People v Boyce |
2014 NY Slip Op 04781 [118 AD3d 1016] |
June 25, 2014 |
Appellate Division, Second Department |
Published by New York State Law Reporting Bureau pursuant to Judiciary Law § 431. |
The People of the State of New York,
Respondent, v Shawn Boyce, Appellant. |
Edward M. Gould, Islip, N.Y., for appellant.
Thomas J. Spota, District Attorney, Riverhead, N.Y. (Marcia R. Kucera of counsel), for respondent.
Appeal by the defendant from a judgment of the County Court, Suffolk County (Efman, J.), rendered April 19, 2010, convicting him of rape in the third degree and forcible touching, upon a jury verdict, and imposing sentence.
Ordered that the judgment is affirmed.
The defendant's claim that the People violated their disclosure obligations pursuant to Brady v Maryland (373 US 83 [1963]) relies on factual assertions outside of the record and, thus, is not reviewable on direct appeal (see People v Krivoi, 81 AD3d 978, 979 [2011]; People v Helenese, 75 AD3d 653 [2010]; People v Valdes, 66 AD3d 925 [2009]; People v Reyes, 60 AD3d 873 [2009]).
In addition, to the extent that the defendant contends that he was deprived of the effective assistance of counsel because his attorney rejected his request to testify on his own behalf, his contention is based on matter dehors the record and is not reviewable on direct appeal (see People v Washington, 71 AD3d 1064, 1065 [2010]; People v Krebs, 11 AD3d 713 [2004]; People v Pozo, 285 AD2d 520 [2001]; People v Bennett, 284 AD2d 338 [2001]; People v Santana, 279 AD2d 641 [2001]).
The defendant's contention that the prosecutor struck a juror on racially discriminatory grounds is unpreserved for appellate review (see People v Ross, 83 AD3d 741, 742 [2011]; People v Lemay, 69 AD3d 757, 758 [2010]) and, in any event, is without merit (see People v Ortiz, 61 AD3d 706 [2009]; People v Quito, 43 AD3d 411, 412 [2007]).
The defendant also failed to raise a timely challenge to the seating of Juror No. 5 when the juror disclosed during voir dire that she had sued her boss for sexual harassment (see CPL 270.20 [1] [c]). Therefore, to the extent that the defendant's claim of juror bias arises out of matter appearing on the record, he waived such objection (see CPL 270.15 [4]; People v Ames, 96 AD3d 867 [2012]; People v Sellers, 295 AD2d 629 [2002]; People ex rel. Green v La Vallee, 55 AD2d 958 [1977]). To the extent that the defendant's claim is based on matter dehors the record, it is not reviewable on direct appeal (see CPL 440.10; People v Kirk, 96 AD3d 1354, 1359 [2012]; People v Kaplan, 223 AD2d 364 [1996]).

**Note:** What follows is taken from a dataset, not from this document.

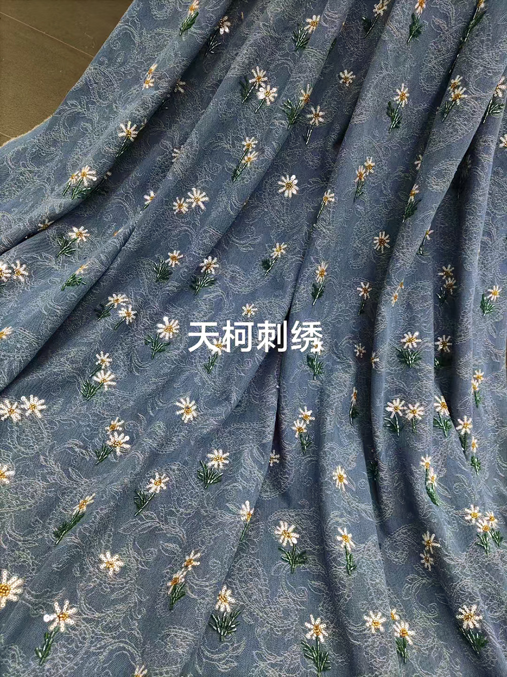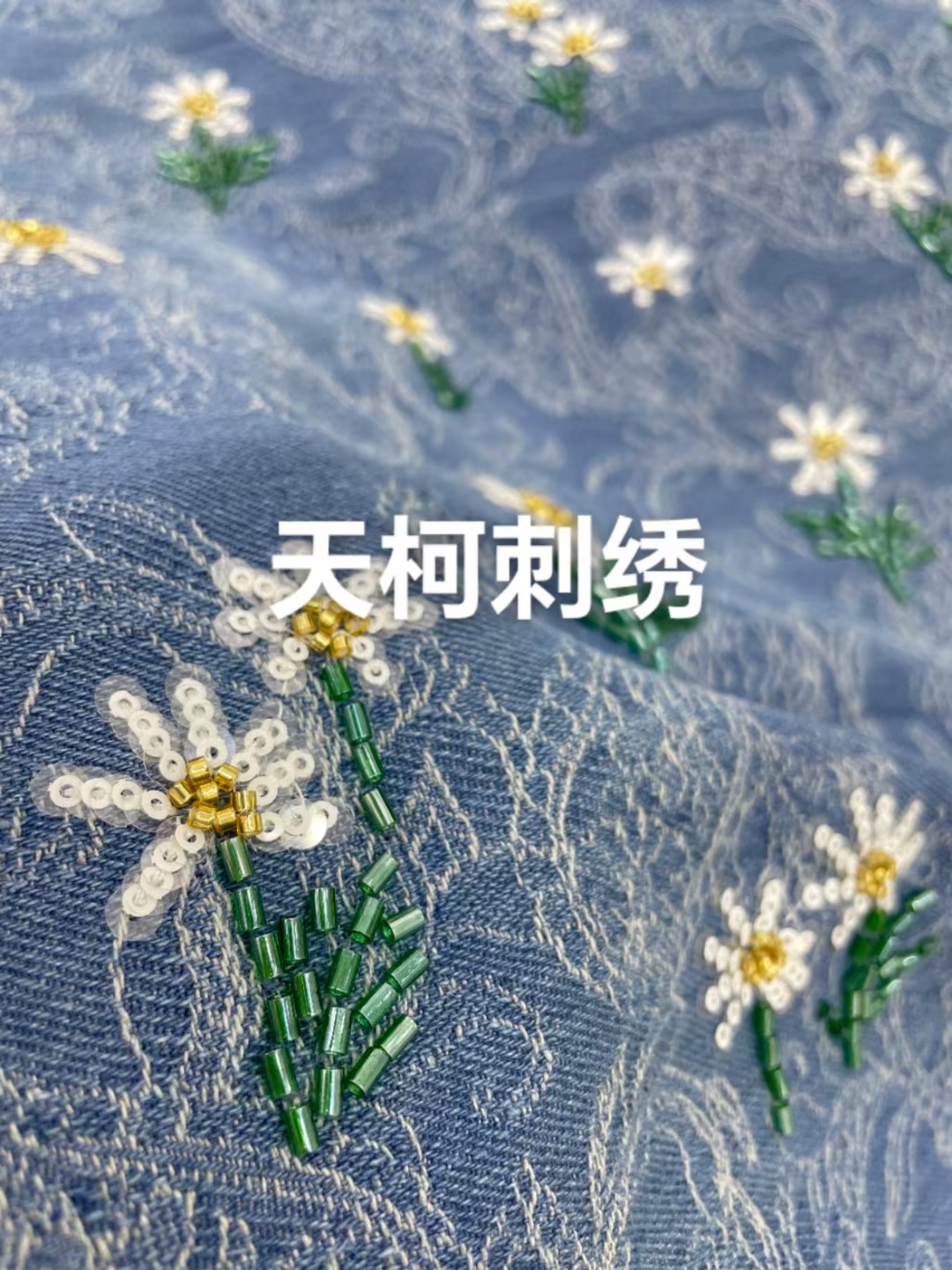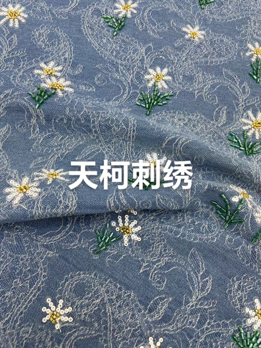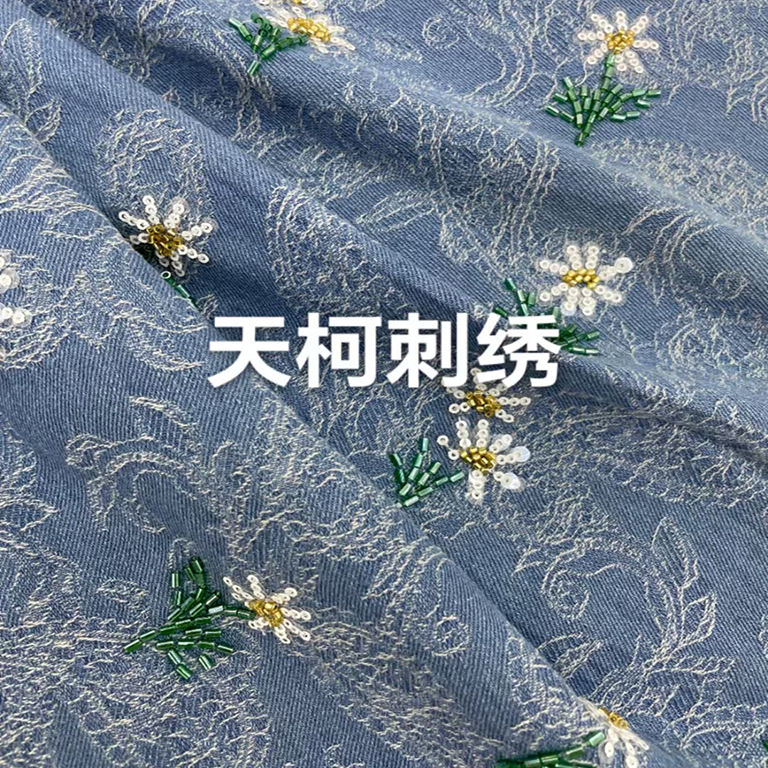 (TMC-E16414) Daisy Flower Made of Tube Beads and Sequins On T/C Cotton Jacquard Fabric
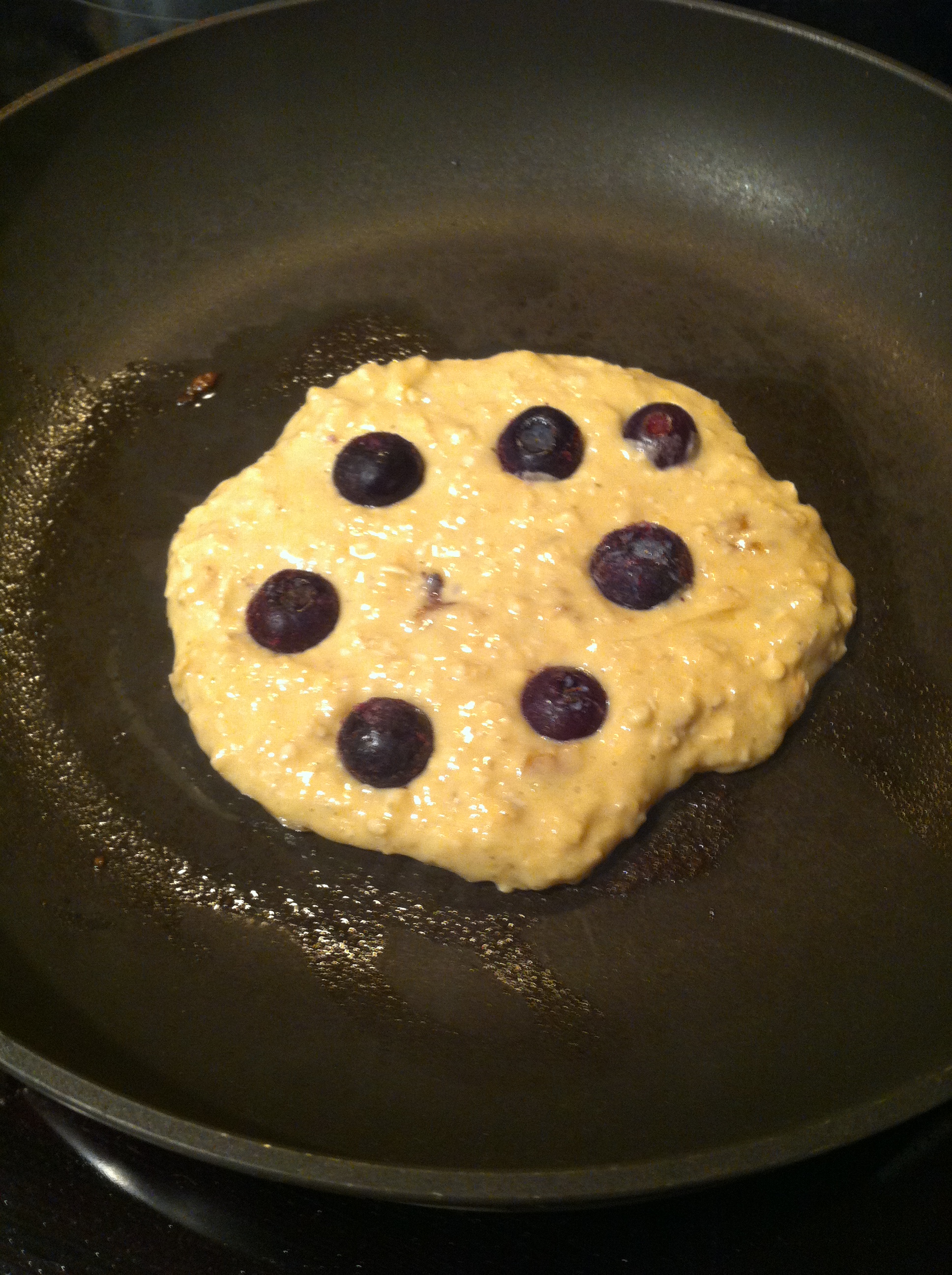 5. When the skillet is hot, spoon about 1/4 cup of batter in the skillet and spread it out to make it thinner. Drop the blueberries onto the pancake. When the edges have set, check the underside and if golden, flip the pancake to cook the other side. Repeat with the rest of the batter.

[*2] The defendant's contention that the Supreme Court unfairly marshaled the evidence in its jury charge is unpreserved for appellate review (see People v Lawson, 22 AD3d 602 [2005]) and, in any event, is without merit (see People v McManus, 208 AD2d 866 [1994]; cf. People v Chambers, 73 AD2d 976 [1980]). Dillon, J.P., Dickerson, Cohen and Duffy, JJ., concur.